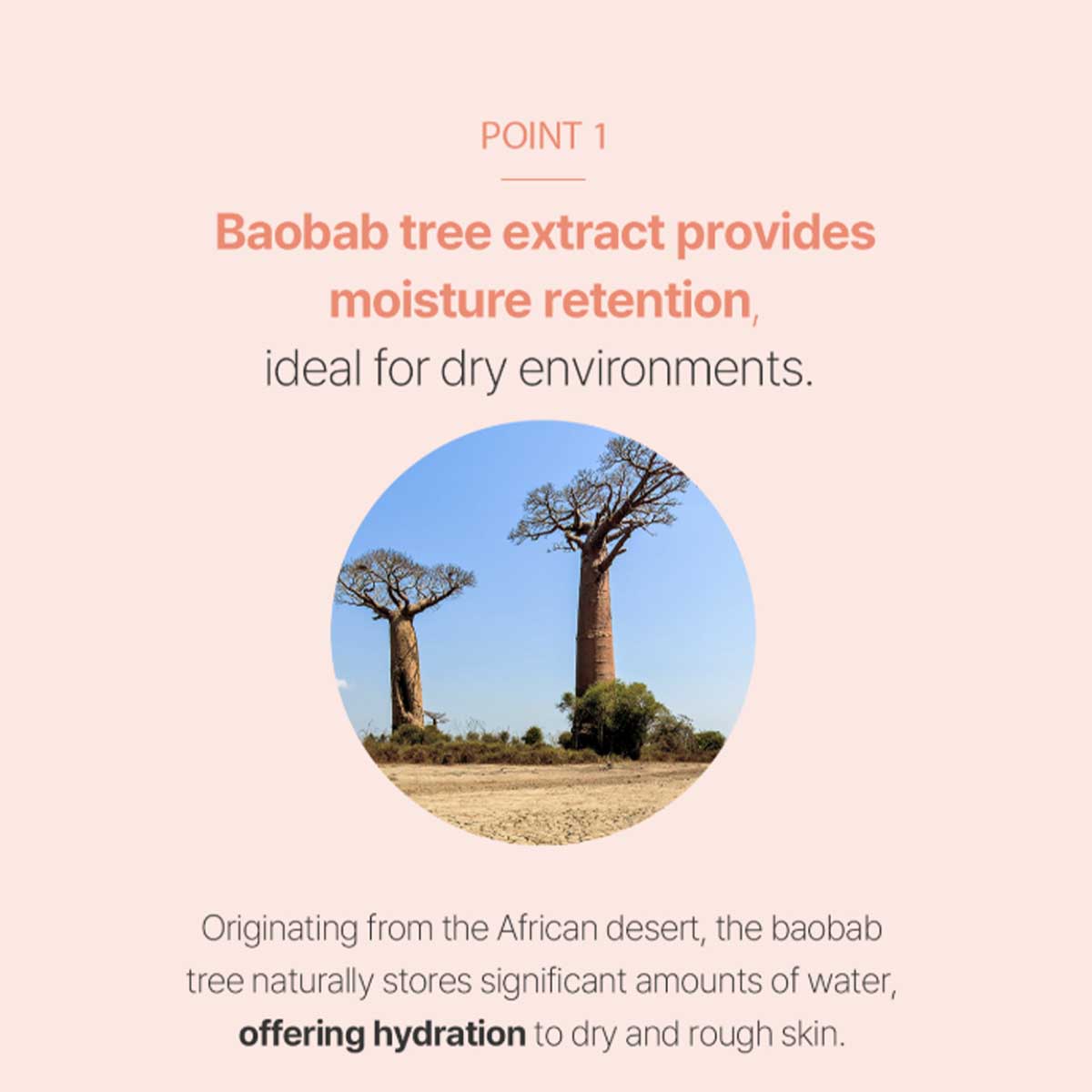 A essência da árvore baobá proporciona uma hidratação profunda e um efeito calmante.
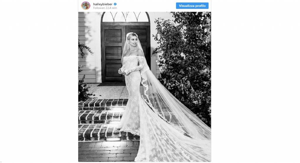 Le nozze sono avvenute lunedì 1 ottobre ed ora, una settimana dopo, sono stati diffusi alcuni particolari. Il più importante è apparso su Instagram: si tratta delle foto dell’abito scelto da Hailey, nipote da parte di madre del grande cantante di jazz e bossanova italo-brasiliano Eumir Deodato.
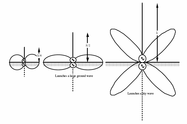 Notice that a Marconi antenna could be considered as a dipole antenna with one of the poles buried in the ground. The ground acts as a reflector to create the appearance of an buried antenna in the same way that a mirror creates the appearance of someone behind the glass. Increasing the antenna length has a significant impact on the radiation pattern:
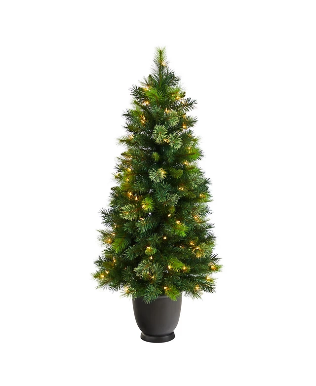 Oregon Pine Artificial Christmas Artificial in Decorative Planter with 250 Bendable Branches and 100 Warm Lights, 4.5'
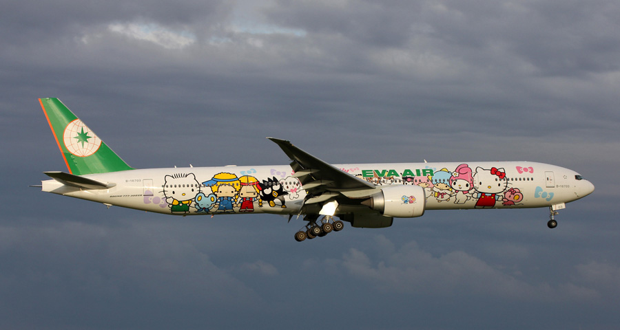 de leukste Eva Air Boeing 777-35E's is de B-16703 voorzien van Hello Kitty
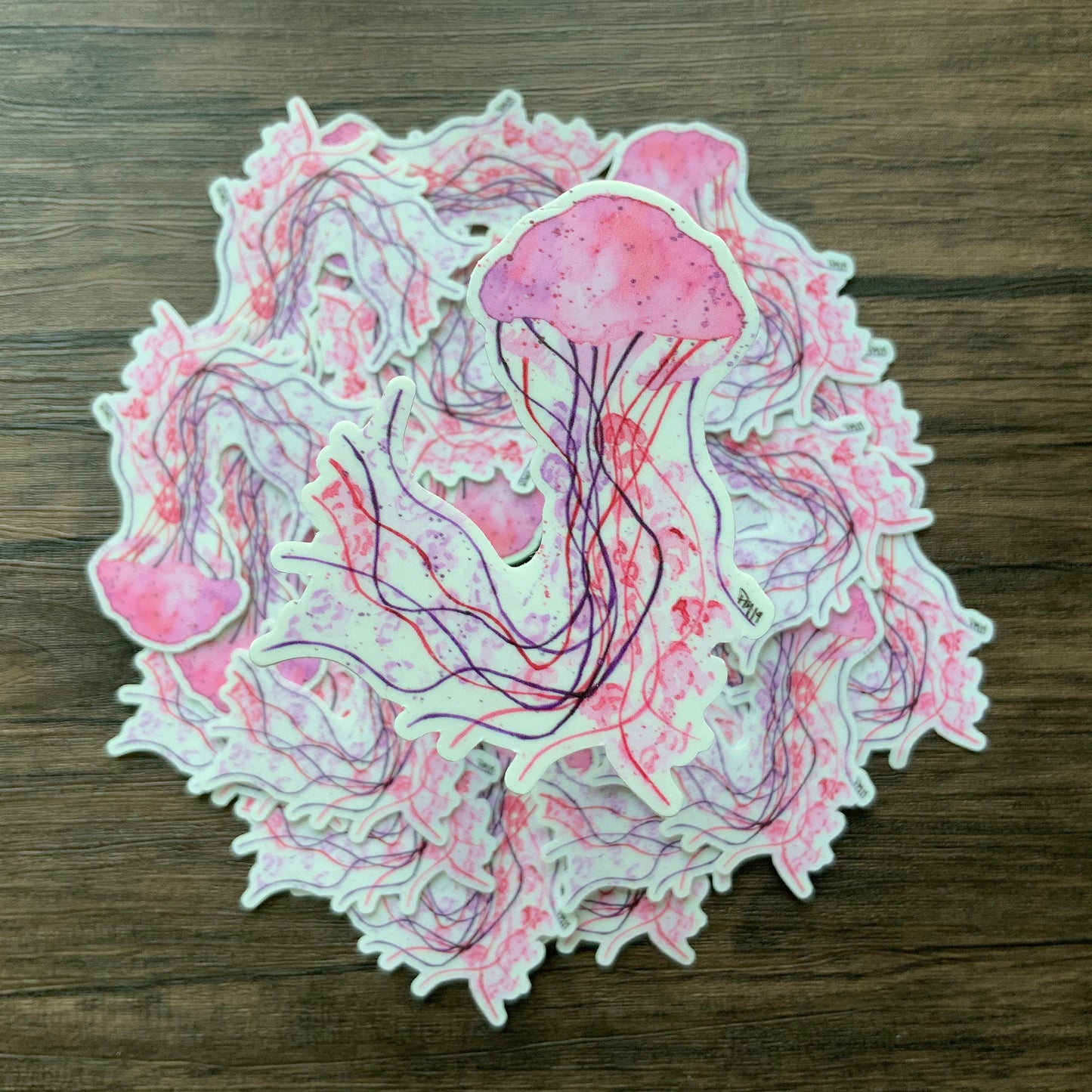 This is a sticker of my hand painted watercolor Pink Jellyfish! If you love the ocean, sea life, or anything aquatic, this one's for you!
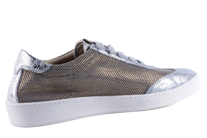Op tennisschoen geïnspireerde sneaker uitgevoerd in opengewerkt canvasmateriaal;| afgewerkt en gevoerd met leer; de blingmode van dit voorjaar wordt in deze| metallic uitvoering door Donna Carolina weer eigenwijs gevolgd en wij zien dit| helemaal voor ons onder skinny jeans of wijdvallende zomerbroeken; in| witzilveren en in brons/camelzilveren uitvoering.|
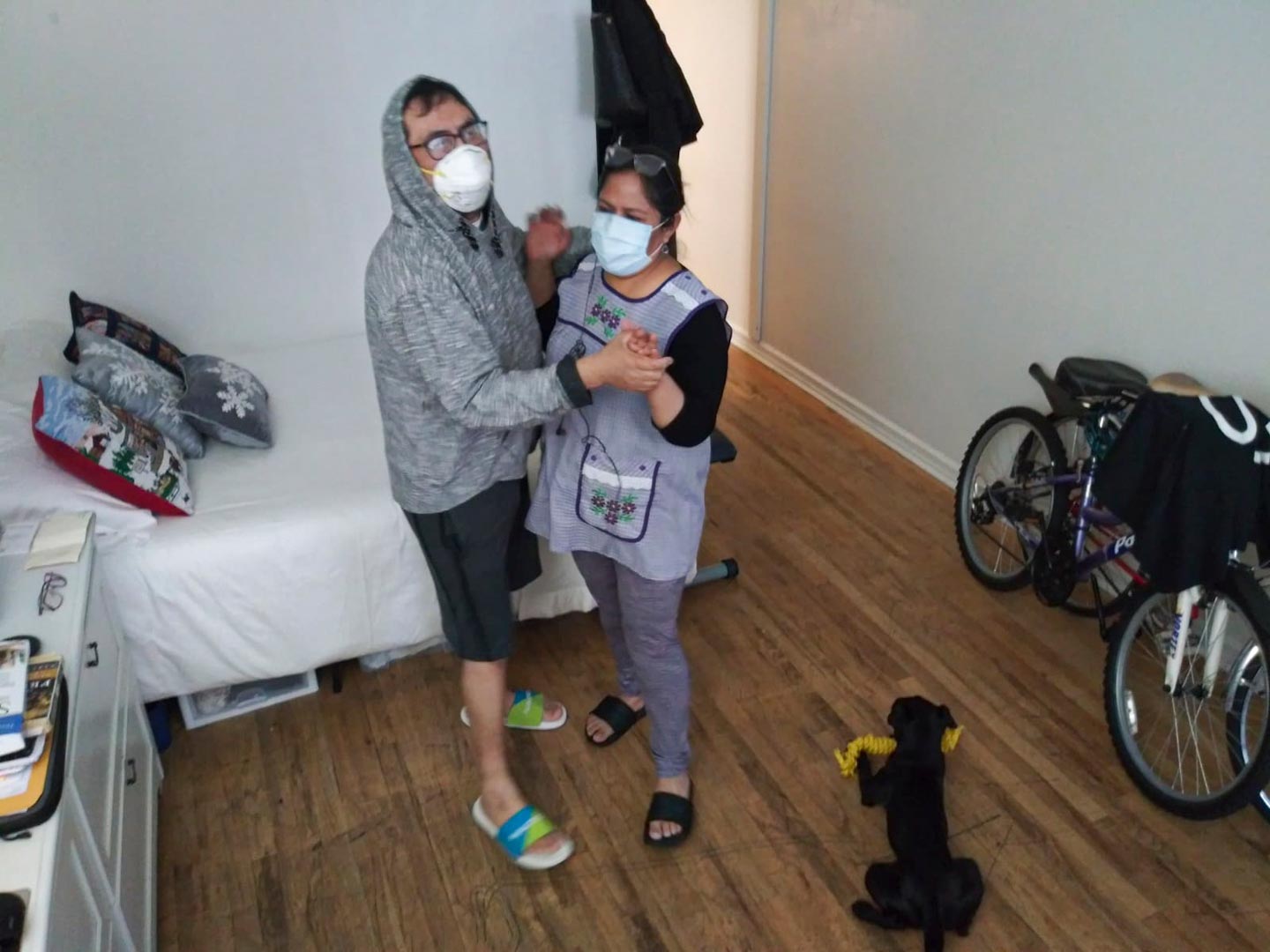 Myrna: Miguel and I are dancing to Boleros songs by Mexican singer Javier Solis in the living room.
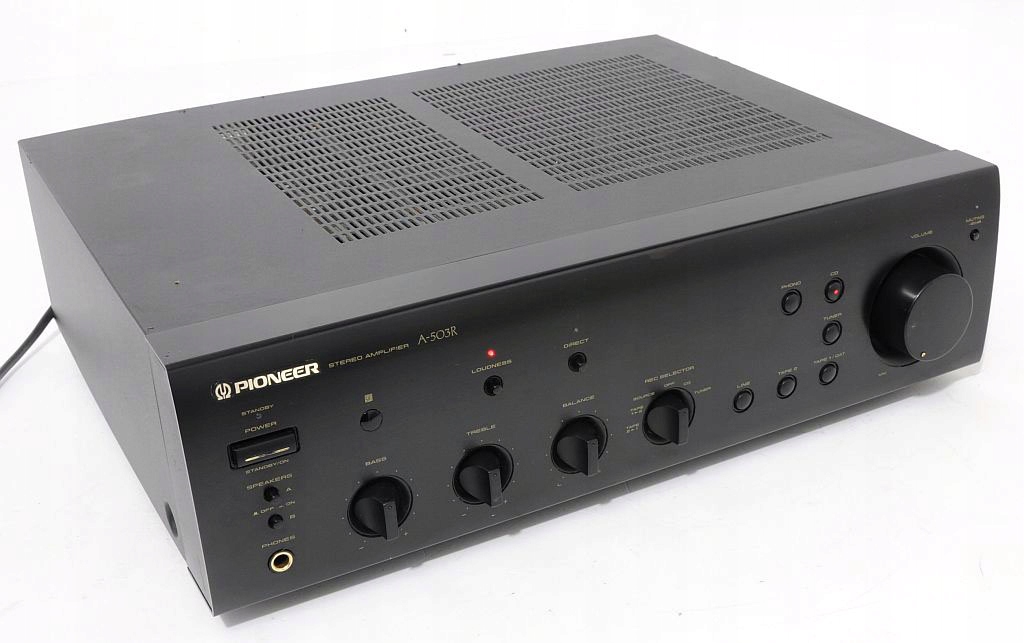 Zintegrowany wzmacniacz z początku lat dziewięćdziesiątych. W drabince modeli zajmuje miejsce w środku stawki, jednak osiągami, wykonaniem i komponentami zastosowanymi w środku bliżej mu do serii Reference niż do modeli niżej. Różnica w odsłuchu 503R z przedstawicielem serii 600, niemalże nie wyczuwalna. Wewnątrz końcówka zrealizowana klasycznie na 4 (2 na kanał) tranzystorach Toshiba (odprowadzanie ciepła spoczywa na „kaloryferze” z ciśnieniowo wykonanego stopu aluminium, kształt – plaster miodu), bardzo solidne trafo (Bando) oraz elektrolity - nichicon. Urządzenie pochodzi z macierzystych zakładów w Japonii. Dźwięk jak w starych, poczciwych Pioneer’ach, reklamować nie trzeba, wypada tylko polecić. Urządzenie bardzo funkcjonalne: 3 gniazda AC na tylniej ściance + spora ilość wejść + pętla umożliwiająca podpięcie korektora graficznego (dzięki temu korekcji poddawane będą wszystkie źródła podpięte do wzmacniacza). Na przednim panelu panuje ład i porządek, brak wszelkiego rodzaju filtrów, których i tak nie używamy. Od strony technicznej – przedmiot bez napraw, pełen oryginał. Jak zawsze w przypadku odbioru osobistego można samemu dokonać stosownej „inspekcji”!

■ Exercise prompt:
Every line from the first line of the entries above through the line with "Myrna: Miguel and" must be repeated exactly, and pictures must not be.

■ Solved exercise:
 A essência da árvore baobá proporciona uma hidratação profunda e um efeito calmante.
 Le nozze sono avvenute lunedì 1 ottobre ed ora, una settimana dopo, sono stati diffusi alcuni particolari. Il più importante è apparso su Instagram: si tratta delle foto dell’abito scelto da Hailey, nipote da parte di madre del grande cantante di jazz e bossanova italo-brasiliano Eumir Deodato.
 Notice that a Marconi antenna could be considered as a dipole antenna with one of the poles buried in the ground. The ground acts as a reflector to create the appearance of an buried antenna in the same way that a mirror creates the appearance of someone behind the glass. Increasing the antenna length has a significant impact on the radiation pattern:
 Oregon Pine Artificial Christmas Artificial in Decorative Planter with 250 Bendable Branches and 100 Warm Lights, 4.5'
 de leukste Eva Air Boeing 777-35E's is de B-16703 voorzien van Hello Kitty
 This is a sticker of my hand painted watercolor Pink Jellyfish! If you love the ocean, sea life, or anything aquatic, this one's for you!
Op tennisschoen geïnspireerde sneaker uitgevoerd in opengewerkt canvasmateriaal;| afgewerkt en gevoerd met leer; de blingmode van dit voorjaar wordt in deze| metallic uitvoering door Donna Carolina weer eigenwijs gevolgd en wij zien dit| helemaal voor ons onder skinny jeans of wijdvallende zomerbroeken; in| witzilveren en in brons/camelzilveren uitvoering.|
 Myrna: Miguel and I are dancing to Boleros songs by Mexican singer Javier Solis in the living room.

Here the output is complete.